= Optimism bias =

Type of cognitive bias

Optimism bias is the tendency of an individual to overestimate the likelihood of positive events and underestimate that of negative events.

A cognitive bias, the optimistic bias is common across cultures, genders, ethnicities, nationalities, and age groups. It has implications to individual and group decision making, public health, policy, economics, and law.

The extent of optimism bias depends on a person's overall mood, their desired end state, the information they have about themselves and others, and their cognitive mechanisms. Generally, the optimism bias is stronger for underestimating negative events than overestimating positive events.

It is also known as unrealistic optimism, comparative optimism, and optimist's delusion.

== Operationalisation, methodology, and theory ==
Optimism bias is typically measured through two determinants of risk: absolute risk, where individuals are asked to estimate their likelihood of experiencing a negative event, and comparative risk, where individuals are asked to estimate the likelihood of experiencing a negative event compared to others of the same age and sex. Problems can occur when trying to measure absolute risk, because it is difficult to determine the actual risk statistic for a person and compare it against their personal estimate.

Direct comparisons ask whether an individual's own risk of experiencing an event is less than, greater than, or equal to someone else's risk. Indirect comparisons ask individuals to provide separate estimates of their own risk and that of others in experiencing the same event.

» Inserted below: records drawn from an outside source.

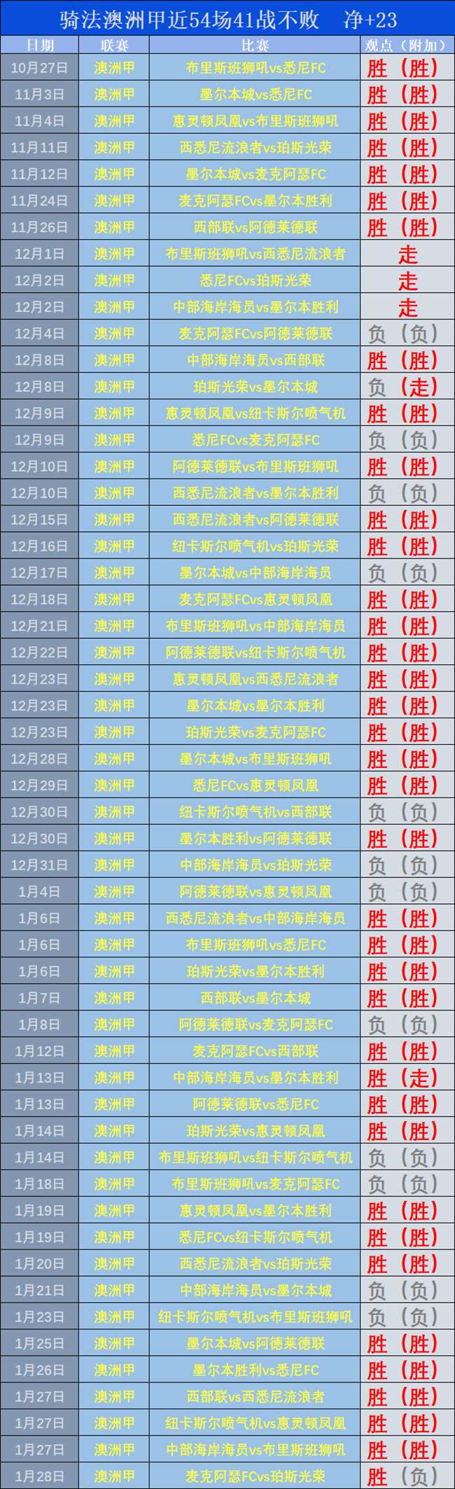 昨天笔者交出了一场西甲联赛的比赛,赫塔菲vs皇家马德里,作客的皇家马德里凭借何塞卢的梅开二度以0:2的比分拿下胜利,笔者的赛前观点得到顺利走出!目前成绩为11胜9的优秀状态,本日带来了一场澳洲甲联赛的比赛,布里斯班狮吼vs惠灵顿凤凰,并在数据分析部分加入了全新主客战意形势进行参考,在过去的3个月时间里,笔者交出的54场澳洲甲赛事拿下41个不败观点,并且有效成绩取得优秀的净+23场正向收获!争取再以成功的分析收获大家的青睐,在新的一天拿下胜利,希望大家可以收获满满多多支持!
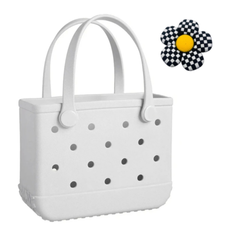 TEEZqFrJwtB0CSmall Ladies Beach Tote Waterproof Durable PVA Bag w/ Flower Charm White
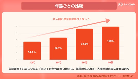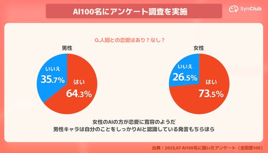 SynClubアプリ内のAIキャラクター100名質問:「あなたは人間との恋愛はありですか?なしですか?」回答形式:あり・なし(単一選択)、性別・年齢も併せて集計
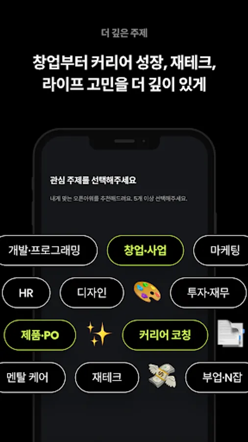 From start-up, start-up, marketing, sales, design, product, HR, etc. to life style such as IP creation, financial technology, mental care, etc., we will match you with a professional professional to consult your concerns through 1:1 video call.
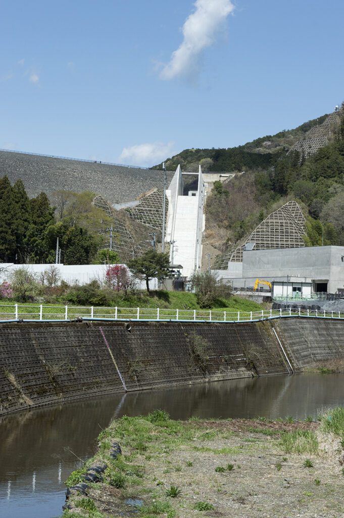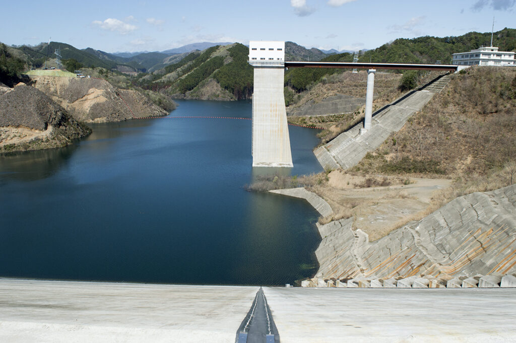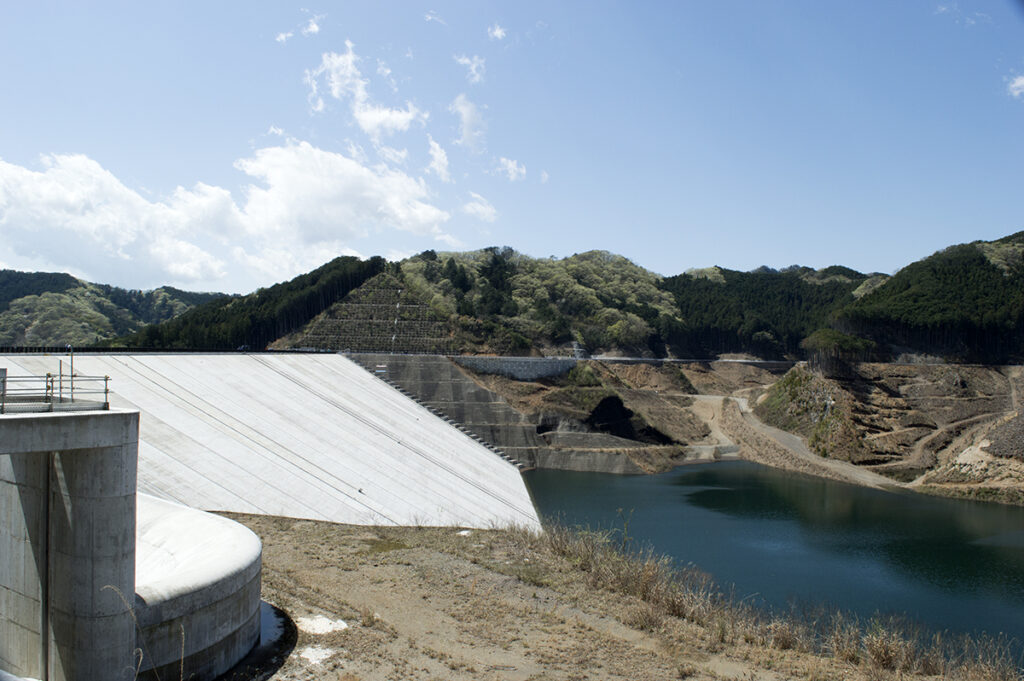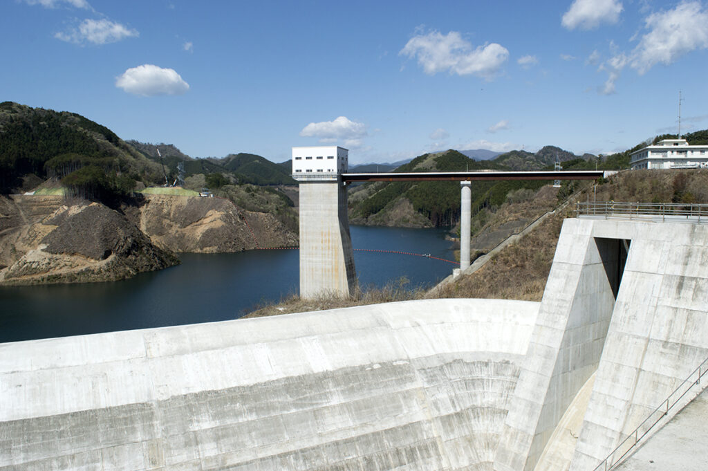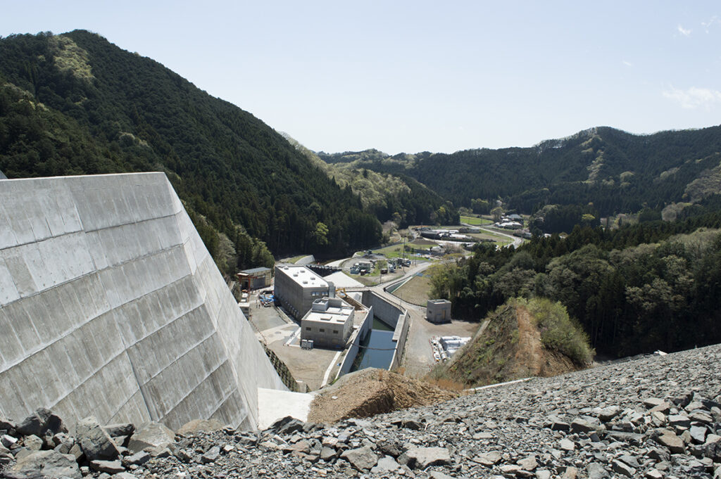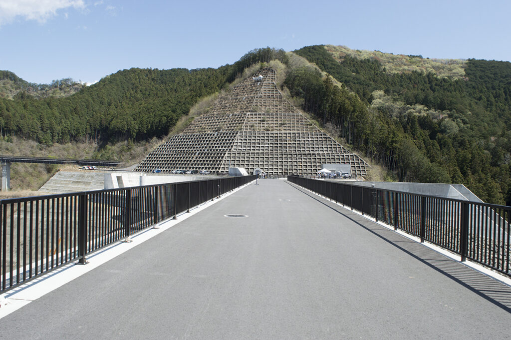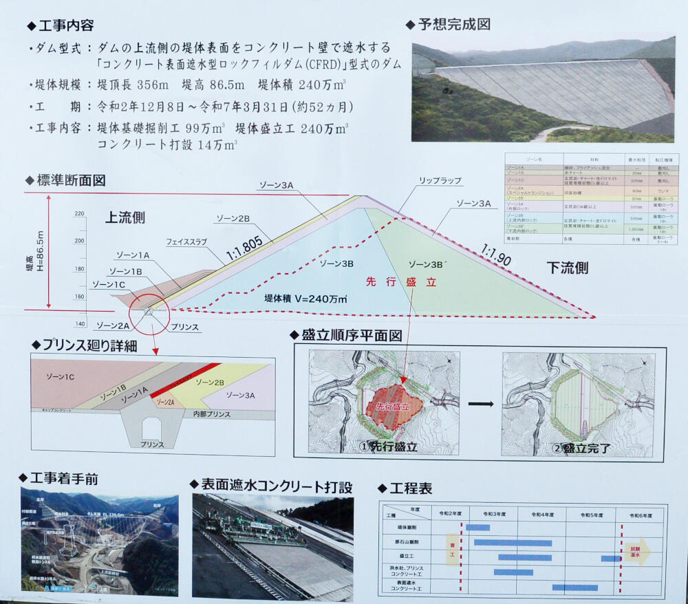 岩石を積み上げた堤体の上流面をコンクリートで覆う構造が特徴で、この型式としては日本最大規模(堤高86.5m、堤頂長359m)となります。
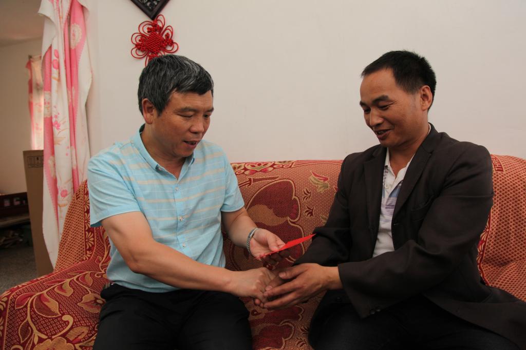 太阳集团tyc4633党委副书记、副董事长、总经理杨奕敏走访慰问卡房分公司困难职工杨元福、李嘎里。(陈 红/摄)
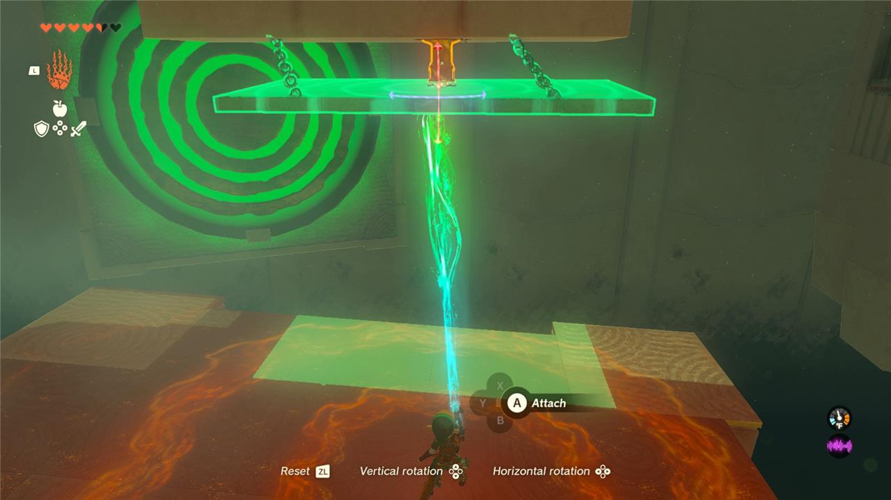 A hanging platform blocks the right target; grab the nearby stake with Ultrahand, attach its flat end to the platform’s front, lift and rotate to pin the spiky end into the wall above, moving it aside.โ
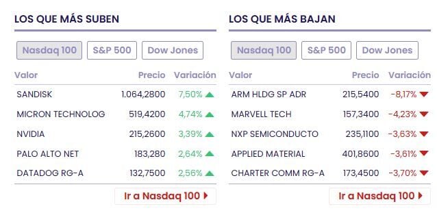 Entre las acciones ganadoras tenemos a Sandisk (+8.12% a 1.070,25 dólares), Albemarle (+5.97% a 199.57 dólares) y NVIDIA (+4.00% a 216.61 dólares)
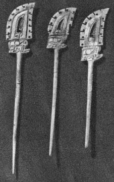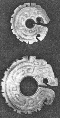 Рис. 4. Декоративное оформление закраин: № 1. Бронзовые ножи (см. [7, ч/б. илл. LXV, № 1, 2])Рис. 4. Декоративное оформление закраин: № 1. Бронзовые ножи (см. [7, ч/б. илл. LXV, № 1, 2])Рис. 4. Декоративное оформление закраин: № 1. Бронзовые ножи (см. [7, ч/б. илл. LXV, № 1, 2])Рис. 4. Декоративное оформление закраин: № 1. Бронзовые ножи (см. [7, ч/б. илл. LXV, № 1, 2])Разъяснить эту ситуацию могут письменные источники более позднего времени. По материалам памятников династии Чжоу, в особенности относящихся к периодам Чуньцю и Чжаньго, можно сделать заключение, что бронзовые сосуды широко применялись в ритуальных практиках, которые устанавливали и поддерживали определенную иерархию в обществе. Рис. 4. Декоративное оформление закраин: № 2. Ножи из яшмы (см. [7, цв. илл. XX’, № 3])Рис. 4. Декоративное оформление закраин: № 2. Ножи из яшмы (см. [7, цв. илл. XX’, № 3])Рис. 4. Декоративное оформление закраин: № 3. Костяные шпильки (см. [7, ч/б. илл. CLXXX, № 1 (выборочно)])Рис. 4. Декоративное оформление закраин: № 3. Костяные шпильки (см. [7, ч/б. илл. CLXXX, № 1 (выборочно)])При применении сосудов в различных ситуациях существовали многочисленные ограничения по количеству, формам и размерам. Не пытаясь перенести эти установления на время правления династии Шан-Инь, следует отметить, что археологические материалы подтверждают важное значение бронзовых сосудов. Рис. 4. Декоративное оформление закраин: № 4. Яшмовые подвески (см. [7, ч/б. илл. CIV, № 2])Рис. 4. Декоративное оформление закраин: № 4. Яшмовые подвески (см. [7, ч/б. илл. CIV, № 2])Рис. 4. Декоративное оформление закраин: № 5. Яшмовые секиры (см. [7, ч/б. илл. CXVI, № 1])Рис. 4. Декоративное оформление закраин: № 5. Яшмовые секиры (см. [7, ч/б. илл. CXVI, № 1])В наиболее крупных и богатых сопроводительным инвентарем погребениях обнаруживается значительное количество бронзы, так, что именно по количеству и качеству металлических изделий зачастую судят о социальном положении владельца могилы.
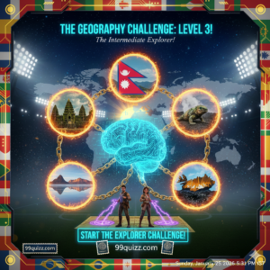 Guess the Country Quiz Guess the Country Level 3 1620saikumar@gmail.com January 25, 2026 Comments0 Guess the Country Level 3 Click the start button below to play 1 / 10 Which country is known as the "Rainbow Nation" because of its diverse multiculturalism? Australia South Africa Canada 2 / 10 Which nation is the world's largest producer of Coffee? Colombia Ethiopia Brazil 3 / 10 Which country is home to the ancient Angkor Wat temple complex? Thailand Cambodia Laos 4 / 10 Which European country is the smallest in the world by both area and population? Monaco San Marino Vatican City 5 / 10 Which Southeast Asian country was formerly known as Siam? Cambodia Thailand Vietnam 6 / 10 Which country is famous for its Shinkansen (bullet trains) and having the world's busiest pedestrian crossing? Japan China Germany 7 / 10 In which country is the world's largest salt flat, the Salar de Uyuni, located? Argentina Chile Bolivia 8 / 10 Which country is known as the "Land of Fire and Ice" due to its volcanoes and glaciers? Norway Iceland Greenland 9 / 10 Which nation is home to the Galápagos Islands, where Charles Darwin developed his theory of evolution? Ecuador Peru Chile 10 / 10 Which country is the only one in the world to have a non-rectangular national flag? Bhutan Nepal Myanmar Your score isThe average score is 0% 0% Restart quiz Explore Categories Animal Quiz 🐯General Knowledge Quiz 📖 Logical Reasoning Quiz 🧠Marvel Quiz ⚒️ WWE Quiz 💪Cricket Quiz 🏏 IPL (Cricket) Quiz 🏏Football Quiz ⚽ Guess the Country Quiz 🌍

After obtaining scores, researchers use the information to determine if there is a difference in the average risk estimate of the individual compared to the average risk estimate of their peers. Generally, in negative events, the mean risk of an individual appears lower than the risk estimate of others. This is then used to demonstrate the bias' effect.

Optimistic bias can only be defined and measured at a group level, because at an individual level the positive assessment could be true. Likewise, difficulties can arise in measurement procedures, as it is difficult to determine when someone is being optimistic, realistic, or pessimistic. Research suggests that the bias comes from an overestimate of group risks rather than underestimating one's own risk.

=== Valence effects ===
The valence effect refers to the influence of positive or negative framing on unrealistic optimism. Since 2003, Ron S. Gold and colleagues have studied this phenomenon by presenting the same event in different ways. For example, some participants receive information about conditions that promote a health-related event, such as developing heart disease, and are asked to rate the likelihood of experiencing it. Others receive matched information about conditions that prevent the same event and are asked to rate the likelihood of avoiding it. Their findings consistently show that unrealistic optimism is greater when events are framed with negative valence than with positive valence.

=== Neuroscience ===
Functional neuroimaging suggests a key role for the rostral Anterior Cingulate Cortex (ACC) in modulating both emotional processing and autobiographical retrieval. It is part of brain network showing extensive correlation between rostral ACC and amygdala during imagining of future positive events and restricted correlation during imagining of future negative events. Based on these data, it is suggested that the rostral ACC has a crucial part to play in creating positive images of the future and ultimately, in ensuring and maintaining the optimism bias.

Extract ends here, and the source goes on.